Sunday, December 9, 2012 (1030), at Sue’s house on Quarry St, Cobleskill.
The topic is SMALL PLEASURES.


AFTERWORDS

from Sue

Blame is a weighty word–its Indo European root, bh³-connects it to: fable, fate, infant, preface, prophet, abandon, banish, bandit, fame, phono-, symphony, confess, blame. Also from old Norse–to prohibit or curse, from Old French to ban or abandon, from the Greek –to Blaspheme, to blame
This and the following quotations made me meditate on the connections between blaming oneself, blaming others, feeling guilt, taking responsibility.

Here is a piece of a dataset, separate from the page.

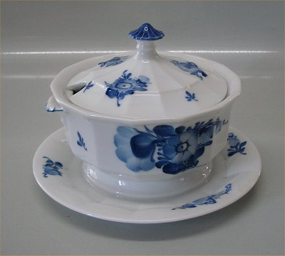 8602-10 Sauceterrin, rund på fad 22 x 15 cm Kongelig Dansk Porcelæn Blå Blomst Kantet

  • “A man can fail many times, but he isn’t a failure until he begins to blame somebody else.”  ~John Burroughs
  • “Blame is just a lazy person’s way of making sense of chaos.”  ~Doug Coupland
  • “We habitually erect a barrier called blame that keeps us from communicating genuinely with others, and we fortify it with our concepts of who’s right and who’s wrong. We do that with the people who are closest to us and we do it with political systems, with all kinds of things that we don’t like about our associates or our society.
    It is a very common, ancient, well-perfected device for trying to feel better. Blame others….Blaming is a way to protect your heart, trying to protect what is soft and open and tender in yourself. Rather than own that pain, we scramble to find some comfortable ground.”  ~ Pema Chödrön
  • “All violence is the result of people tricking themselves into believing that their pain derives from other people and that consequently those people deserve to be punished.” ~ Marshall B. Rosenberg, Nonviolent Communication: A Language of Life
  • “Violence is what happens when we don’t know what else to do with our suffering.” Parker J. Palmer quoted in “If Only We Would Listen: On What We Could Learn About Politics, Faith and Each Other” by Alicia Von Stamwitz, The Sun, November 2012, p. 5
  • “No snowflake in an avalanche ever feels responsible.”  ~Voltaire

And when someone asked, what is the opposite of blaming someone, I focused on this Thich Nhat Hanh quotation which I didn’t read: “When you plant lettuce, if it does not grow well, you don’t blame the lettuce. You look for reasons it is not doing well. It may need fertilizer, or more water, or less sun. You never blame the lettuce. Yet if we have problems with our friends or family, we blame the other person. But if we know how to take care of them, they will grow well, like the lettuce. Blaming has no positive effect at all, nor does trying to persuade using reason and argument. That is my experience. No blame, no reasoning, no argument, just understanding. If you understand, and you show that you understand, you can love, and the situation will change.” ~Thich Nhat Hanh, Peace is Every Step

from Katherine:

An outline—

A. Innate/ nature

  1. blame as natural defense mechanism
  2. fight or flight response
  3. lack of maturity
  4. simplistic

B. Nurture

  1. knee jerk/situational claustrophobia
  2. avoidance-avoidance conflict
  3. avoidance learning—parental/societal disdain

C. Fault finding

  1. defending self image
  2. turning the tables—deflection of guilt feelings
  3. self-loathing

D. Transferring responsibility

  1. pluralistic ignorance
  2. social blind spots, i.e., lack of empathy, understanding, intelligence

E. Situational confusion

  1. blame or explain?
  2. class/race/gender/age biases
  3. fear
  4. inability to act

F. Nirvana

  1. balance between internal and external attribution
  2. scholarly approach
  3. search for solutions
  4. maturity/empathy
  5. introspection

From Nancy:

When you blame others, you give up your power to change.
—–Dr. Robert Anthony

Further thoughts on blame—
We seem to need a bad guy, a villain, for our dramas.  But I think what we really need as individuals and as a nation is to learn to do without this all too handy tool for finding bad guys to fear, defend against, punish or even  remove. If we blame, we’re seeing life too simply, as black or white, good or evil, and other people as the OTHER, different and separate from us, when life is really much more complicated and needs closer attention, and understanding. Surely people are more alike than different.  All of us suffer from loss and pain and fears.  We all need someone to tell it to.  And, I believe, at some deep level, we all want peace and goodwill among us. We need to listen to each other, don’t we.